SULLIVAN – A recent Missouri Department of Transportation study estimates that the state’s commercial and public-use airports create an annual economic impact of $11.1 billion. That includes 100,000 jobs with a payroll of more than $3 billion. Sullivan Regional Airport was included in the study.
According to MoDOT, Sullivan Regional Airport creates 37 jobs, with a total payroll of $1,075,000, and a total output of $3,876,000. Payroll represents the total annual wages, salaries, and benefits paid to all workers. Output measures the value of goods, services and capital expenditures. It isn’t clear how the study calculated the figures for the local airport, but the City of Sullivan does not provide any full-time staff to the airport.
However, ARCH Air Medical Service is based at the airport, with a staff of about 16 full-time personnel. An aircraft maintenance business is also located at the airport and a flight instruction pilot operates from Sullivan Regional. Several City of Sullivan employees help maintain and manage the airport, but it’s not know if – or how – their costs are included in the study.
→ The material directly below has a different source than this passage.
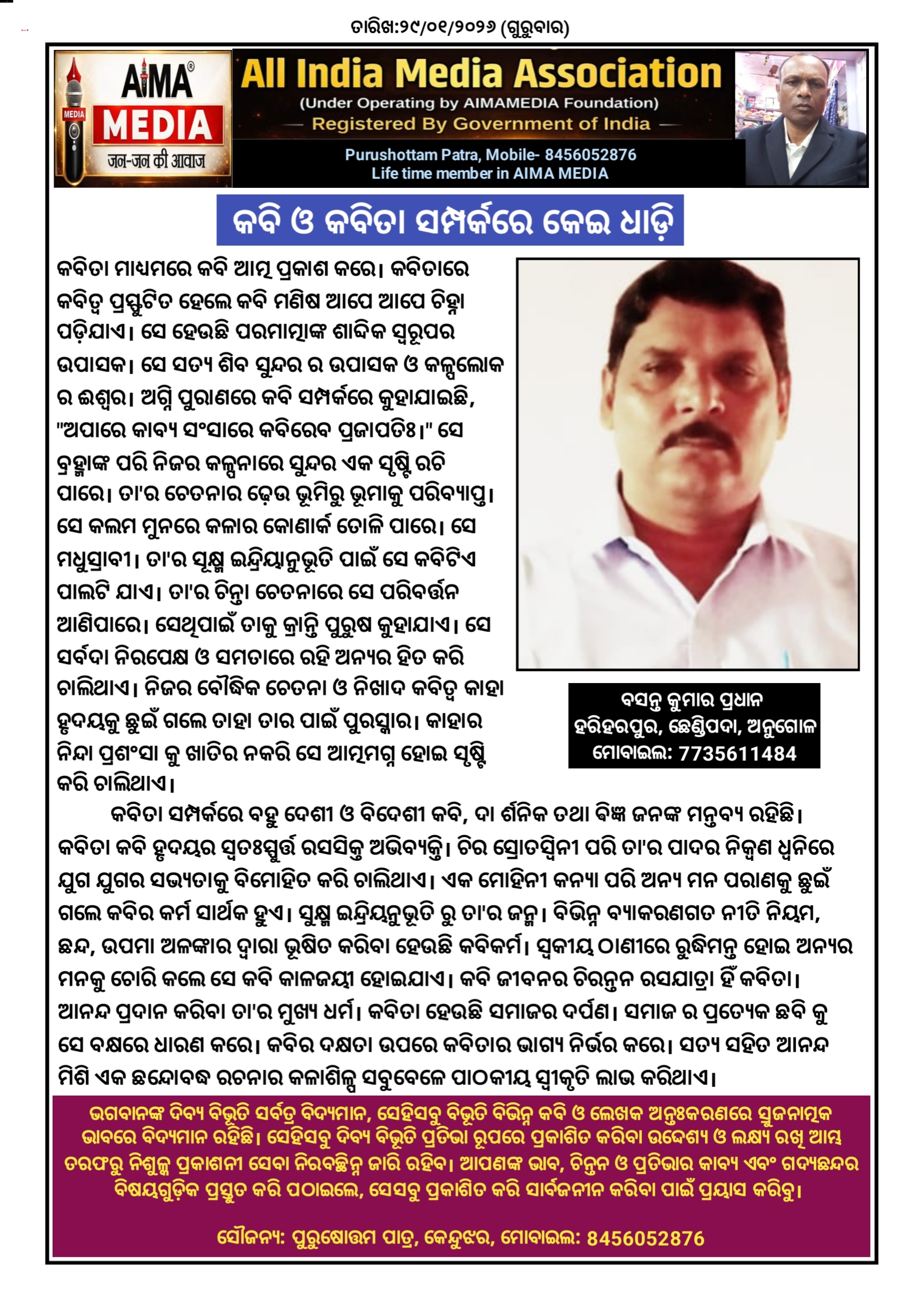 କବିତା ମାଧ୍ୟମରେ କବି ଆତ୍ମ ପ୍ରକାଶ କରେ l କବିତାରେ କବିତ୍ଵ ପ୍ରସ୍ଫୁଟିତ ହେଲେ କବି ମଣିଷ ଆପେ ଆପେ ଚିହ୍ନା ପଡ଼ିଯାଏ l ସେ ହେଉଛି ପରମାତ୍ମାଙ୍କ ଶାବ୍ଦିକ ସ୍ୱରୂପର ଉପାସକ l ସେ ସତ୍ୟ ଶିବ ସୁନ୍ଦର ର ଉପାସକ ଓ କଳ୍ପଲୋକ ର ଈଶ୍ବର l ଅଗ୍ନି ପୁରାଣରେ କବି ସମ୍ପର୍କରେ କୁହାଯାଇଛି, "ଅପାରେ କାବ୍ୟ ସଂସାରେ କବିରେବ ପ୍ରଜାପତିଃ l" ସେ ବ୍ରହ୍ମାଙ୍କ ପରି ନିଜର କଳ୍ପନାରେ ସୁନ୍ଦର ଏକ ସୃଷ୍ଟି ରଚି ପାରେ l ତା'ର ଚେତନାର ଢ଼େଉ ଭୂମିରୁ ଭୂମାକୁ ପରିବ୍ୟାପ୍ତ l ସେ କଲମ ମୁନରେ କଳାର କୋଣାର୍କ ତୋଳି ପାରେ l ସେ ମଧୁସ୍ରାବୀ l ତା'ର ସୂକ୍ଷ୍ମ ଇନ୍ଦ୍ରିୟାନୁଭୂତି ପାଇଁ ସେ କବିଟିଏ ପାଲଟି ଯାଏ l ତା'ର ଚିନ୍ତା ଚେତନାରେ ସେ ପରିବର୍ତ୍ତନ ଆଣିପାରେ l ସେଥିପାଇଁ ତାକୁ କ୍ରାନ୍ତି ପୁରୁଷ କୁହାଯାଏ l ସେ ସର୍ବଦା ନିରପେକ୍ଷ ଓ ସମତାରେ ରହି ଅନ୍ୟର ହିତ କରି ଚାଲିଥାଏ l ନିଜର ବୌଦ୍ଧିକ ଚେତନା ଓ ନିଖାଦ କବିତ୍ଵ କାହା ହୃଦୟକୁ ଛୁଇଁ ଗଲେ ତାହା ତାର ପାଇଁ ପୁରସ୍କାର l କାହାର ନିନ୍ଦା ପ୍ରଶଂସା କୁ ଖାତିର ନକରି ସେ ଆତ୍ମମଗ୍ନ ହୋଇ ସୃଷ୍ଟି କରି ଚାଲିଥାଏ l

“I can tell you that the airport generally breaks even every year,” said Sullivan City Administrator J.T. Hardy while discussing the study. “It would be difficult to determine exactly how much the City spends on the airport because some of the work is seasonal (mowing, etc.); we don’t break down those hours.” The City actually generates income from the sale of fuel at the airport and hangar rental. Subsidies from the government also offset expenses, with the city matching government funds in a 90-10 split (feds/state pays 90%, city 10%).
According to MoDOT, the economic impact study looked at the significance of local spending by airport users and/or visitors. Using Federal Aviation Administration guidelines, the study examined direct and indirect impacts, as well as induced impacts. Direct impacts include employment, wages, and sales generated by on-airport business activity. At Sullivan Regional, fuel sales and hangar rentals would be considered direct impacts.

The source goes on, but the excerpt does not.